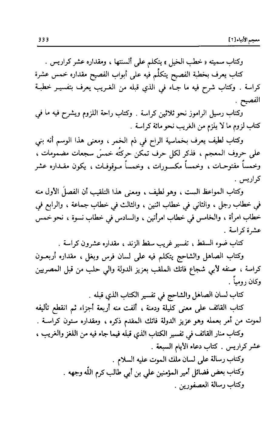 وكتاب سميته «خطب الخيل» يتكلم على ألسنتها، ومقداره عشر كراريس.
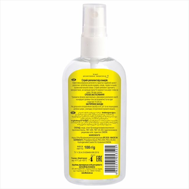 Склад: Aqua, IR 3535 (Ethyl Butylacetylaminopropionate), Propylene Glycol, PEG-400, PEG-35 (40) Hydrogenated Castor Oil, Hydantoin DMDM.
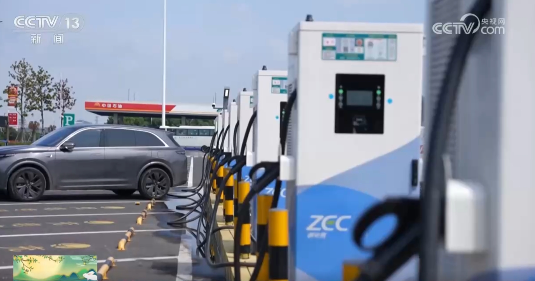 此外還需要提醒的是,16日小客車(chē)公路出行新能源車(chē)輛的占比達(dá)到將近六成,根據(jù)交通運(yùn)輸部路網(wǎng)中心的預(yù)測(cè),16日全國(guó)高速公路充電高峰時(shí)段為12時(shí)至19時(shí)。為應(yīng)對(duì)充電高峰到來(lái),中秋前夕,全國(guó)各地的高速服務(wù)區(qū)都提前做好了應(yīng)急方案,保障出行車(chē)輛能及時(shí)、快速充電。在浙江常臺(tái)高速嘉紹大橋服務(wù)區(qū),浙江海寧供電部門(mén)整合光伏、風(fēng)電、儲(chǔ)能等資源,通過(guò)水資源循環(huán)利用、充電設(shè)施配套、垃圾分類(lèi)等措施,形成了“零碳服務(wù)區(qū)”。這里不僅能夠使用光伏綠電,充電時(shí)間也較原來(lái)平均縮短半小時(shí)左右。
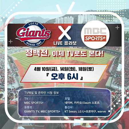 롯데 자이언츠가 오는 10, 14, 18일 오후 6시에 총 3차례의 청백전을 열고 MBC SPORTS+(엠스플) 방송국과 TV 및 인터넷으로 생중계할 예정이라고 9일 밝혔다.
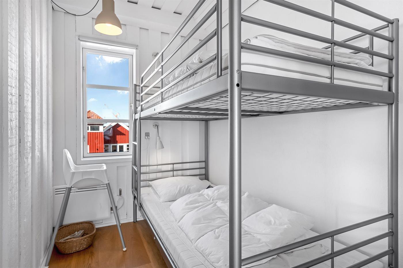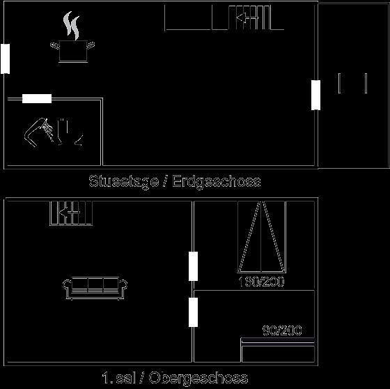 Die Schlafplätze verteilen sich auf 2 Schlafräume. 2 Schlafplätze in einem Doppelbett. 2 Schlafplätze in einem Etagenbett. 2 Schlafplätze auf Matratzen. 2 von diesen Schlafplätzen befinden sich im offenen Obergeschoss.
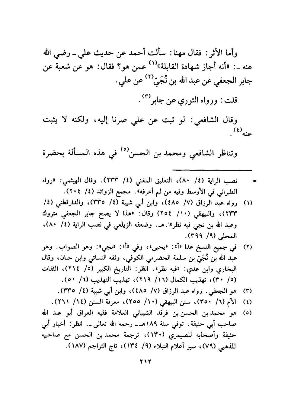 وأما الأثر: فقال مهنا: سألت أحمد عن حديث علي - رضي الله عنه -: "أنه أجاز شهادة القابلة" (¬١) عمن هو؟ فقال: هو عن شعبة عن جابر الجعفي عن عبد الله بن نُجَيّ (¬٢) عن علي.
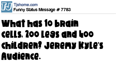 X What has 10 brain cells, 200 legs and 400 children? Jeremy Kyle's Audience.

----

REQUIREMENT -> Write out the listing word for word, omitting the pictures it holds.

YOUR SOLUTION ->
 وكتاب سميته «خطب الخيل» يتكلم على ألسنتها، ومقداره عشر كراريس.
 Склад: Aqua, IR 3535 (Ethyl Butylacetylaminopropionate), Propylene Glycol, PEG-400, PEG-35 (40) Hydrogenated Castor Oil, Hydantoin DMDM.
 此外還需要提醒的是,16日小客車(chē)公路出行新能源車(chē)輛的占比達(dá)到將近六成,根據(jù)交通運(yùn)輸部路網(wǎng)中心的預(yù)測(cè),16日全國(guó)高速公路充電高峰時(shí)段為12時(shí)至19時(shí)。為應(yīng)對(duì)充電高峰到來(lái),中秋前夕,全國(guó)各地的高速服務(wù)區(qū)都提前做好了應(yīng)急方案,保障出行車(chē)輛能及時(shí)、快速充電。在浙江常臺(tái)高速嘉紹大橋服務(wù)區(qū),浙江海寧供電部門(mén)整合光伏、風(fēng)電、儲(chǔ)能等資源,通過(guò)水資源循環(huán)利用、充電設(shè)施配套、垃圾分類(lèi)等措施,形成了“零碳服務(wù)區(qū)”。這里不僅能夠使用光伏綠電,充電時(shí)間也較原來(lái)平均縮短半小時(shí)左右。
 롯데 자이언츠가 오는 10, 14, 18일 오후 6시에 총 3차례의 청백전을 열고 MBC SPORTS+(엠스플) 방송국과 TV 및 인터넷으로 생중계할 예정이라고 9일 밝혔다.
 Die Schlafplätze verteilen sich auf 2 Schlafräume. 2 Schlafplätze in einem Doppelbett. 2 Schlafplätze in einem Etagenbett. 2 Schlafplätze auf Matratzen. 2 von diesen Schlafplätzen befinden sich im offenen Obergeschoss.
 وأما الأثر: فقال مهنا: سألت أحمد عن حديث علي - رضي الله عنه -: "أنه أجاز شهادة القابلة" (¬١) عمن هو؟ فقال: هو عن شعبة عن جابر الجعفي عن عبد الله بن نُجَيّ (¬٢) عن علي.
 X What has 10 brain cells, 200 legs and 400 children? Jeremy Kyle's Audience.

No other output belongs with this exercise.